Saturday, April 01, 2006

Phagwa - A 1970s B-movie

Phagwa (courtesy of Alex Khan)

A infograph which details the root causes of the Phagwa Disaster of 2006, Trinidad and Tobago. Could this tragedy have been averted? Or was it the inevitable outcome of a chain of events set into motion centuries ago? We may never know for certain....

Phagwa was a catastrophe out of a 1970s B-movie, or perhaps Bee-movie is more apt. So though I have not much to report, I've excerpted below my description of the day's events.

I was attending a Hindu festival of Phagwa (Trinidad is 50% East Indian), a celebration of the first day of Spring, marked by festive salvos colored dyes and powders on anyone within range. No sooner had the opening prayers were uttered than a cloud of Africanized (a.k.a. "killer") bees erupted from the Samaan tree under which everyone was taking cover from the Mid-day sun. It's moments like this that you remember you are in the Tropics, where everything is bigger, weirder, or just plain alien (there is a tree in the main park I call a "spatula tree" since that is exactly what appears to be hanging in the hundred from its droopy tenrdrils).

The prophetic 18th-century tapestry, which shows Lord Siva's epic battle against a swarm of bees. Note his uppermost hand, holding a pair of Snow-cones with which he taunts and enrages his adversaries.(courtesy of Alex Khan)

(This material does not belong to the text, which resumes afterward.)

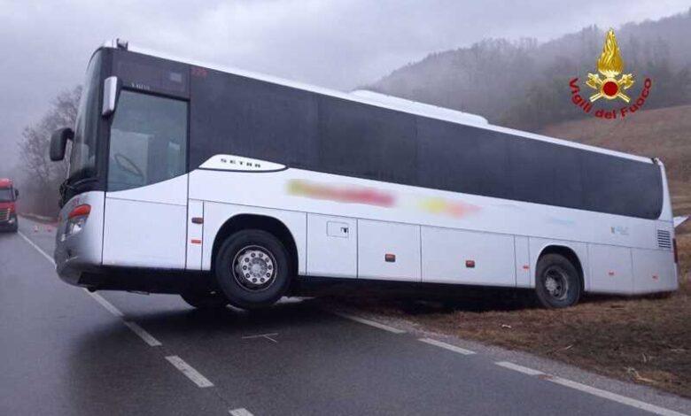 I pompieri accorsi da Belluno e con i volontari dell’Alpago con tre automezzi, tra cui l’autogrù, hanno imbragato e rimesso in strada la corriera.
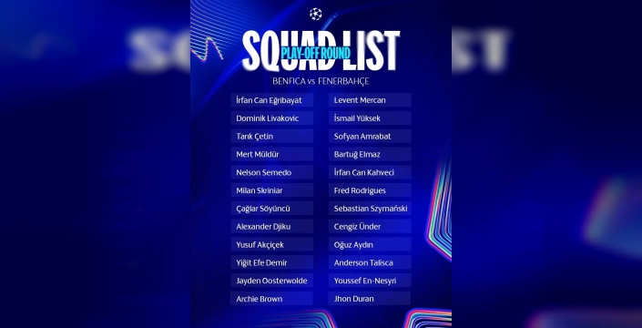 Fenerbahçe'nin Benfica maçı için açıklanan kadro şu isimlerden oluşuyor: İrfan Can Eğribayat, Dominik Livakovic, Tarık Çetin, Mert Müldür, Nelson Semedo, Milan Skriniar, Çağlar Söyüncü, Alexander Djiku, Yusuf Akçiçek, Yiğit Efe Demir, Jayden Oosterwolde, Archie Brown, Levent Mercan, İsmail Yüksek, Sofyan Amrabat, Bartuğ Elmaz, İrfan Can Kahveci, Fred, Sebastian Szymanski, Cengiz Ünder, Oğuz Aydın, Talisca, Youssef En-Nesyri, Jhon Duran. Teknik direktör Jorge Jesus, ilk maçta sakatlığı bulunan Cenk Tosun'u kadroya almamış ve yerine Cengiz Ünder'i dahil etmiş bulunuyor.

Anyway, people were wildly beating zig-zagged retreats away from the tree, rolling on the ground, or slapping themselves in paroxysms of terror. The bees were not randomly flying around, but were instead forming groups, targeting individuals, and dogging them methodically and relentlessly. Those afflicted by these clusters of bees sought help from the crowd, who fled from them as if from lepers, for fear of becoming the bees' next targets. The official announcers, searching impotently to say something instructive and allay the sudden panic, suddenly blurted out, with great authority, "Turn off the Snow-Cone machine! I repeat! Please turn off the Snow-Cone maker immediately!"

Like Ashcroft's duct tape invective, it was a successful demonstration of how one can combat fear with total absurdity. Within five (long) minutes, a pack of bees small enough to fit in a coffee-can had emptied the field of 200 people and brought the Vernal Equinox to a screeching halt.

1 comment:

Makeda said...


What a fantastically hilarious story. Thanks for sharing!